Aber keine Tränen, keine Klagen – nicht einmal Trauerkleidung fällt in den Straßen auf – vielleicht ist es ein stillschweigendes Übereinkommen, nicht durch Schwarz und Weiß äußere Zeichen der Trauer zu geben, die man doch tief im Herzen trägt …

Wohl war das deutsche Volk in Parteien gespalten, ein Gebot des demokratischen Geistes der Zeit, aber die deutschen Parteien waren doch eines Sinnes über die Notwendigkeit einer starken Verteidigung des Vaterlandes.

Und nun, wo der Krieg an allen Ecken und Enden wütet, sind die Parteien spurlos verschwunden!

In Deutschland wohnt in diesen Tagen nur ein einziges Volk aus einem Guß.
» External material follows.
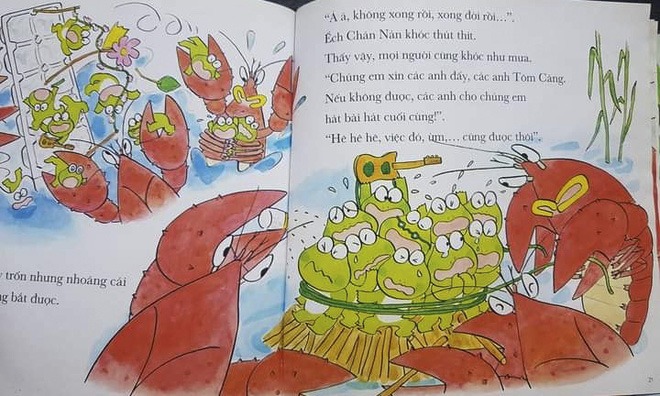 Nhà nghiên cứu giáo dục Nguyễn Quốc Vương trên facebook cá nhân chia sẻ: Ai đã từng đọc truyện Ehon 10 chú ếch hay "Pao và các bạn" thì sẽ thấy trong hai bộ sách tranh đó cũng có những câu chuyện liên quan đến xung đột như bọn tôm càng ở đầm lầy chuyên rình mò để bắt và ăn thịt 10 chú ếch. Tuy nhiên, để đối phó lại 10 chú ếch chỉ né tránh, tìm đường khác để đi hoặc chạy trốn. Thậm chí có một lần bọn tôm càng tóm được các chú sắp ăn thịt đến nơi nhưng rồi các chú cất tiếng hát làm cho tôm càng lăn ra ngủ thế là thoát.

Es gibt nur eine einzige Partei – die der Soldaten. Alle kennen nur ein einziges Ziel. Jedermann weiß, daß es in diesem Krieg Deutschlands Leben oder Sterben gilt, und alle denken dieselben Gedanken, hegen dieselben Hoffnungen, beten dieselben Gebete, vom Kaiser angefangen …

 

Kaiser Wilhelm II. (Bild: www.grelly.de)

Im ersten Abschnitt des Krieges hatte die englische Presse die Deutschen barbarischer Grausamkeit gegen ihre Gefangenen und gegen verwundete Feinde beschuldigt.

Keinen Augenblick hatte ich daran geglaubt, aber um der Germanen willen wollte ich die Verleumdung ausrotten und die Wahrheit zur Kenntnis der Allgemeinheit bringen.

Kann man nichts anderes von einem Volk verlangen, das auf der Höhe der Kultur stehen will, so doch mindestens das eine: daß es seinem Gegner nicht Verbrechen vorwirft, die er nie begangen hat.

Und das war ja erst der Anfang der bis heute andauernden Verleumdung unseres Volkes, die es krank und abwehrarm gemacht hat. Mit aller Gewalt wird der Welt verwehrt, der Wahrheit ans Licht zu helfen.

Hedin drängt es, an die Front zu kommen, um dort

das deutsche Heer in seiner überwältigenden Kraft (zu sehen), aufmarschiert zum größten Kampf der Weltgeschichte!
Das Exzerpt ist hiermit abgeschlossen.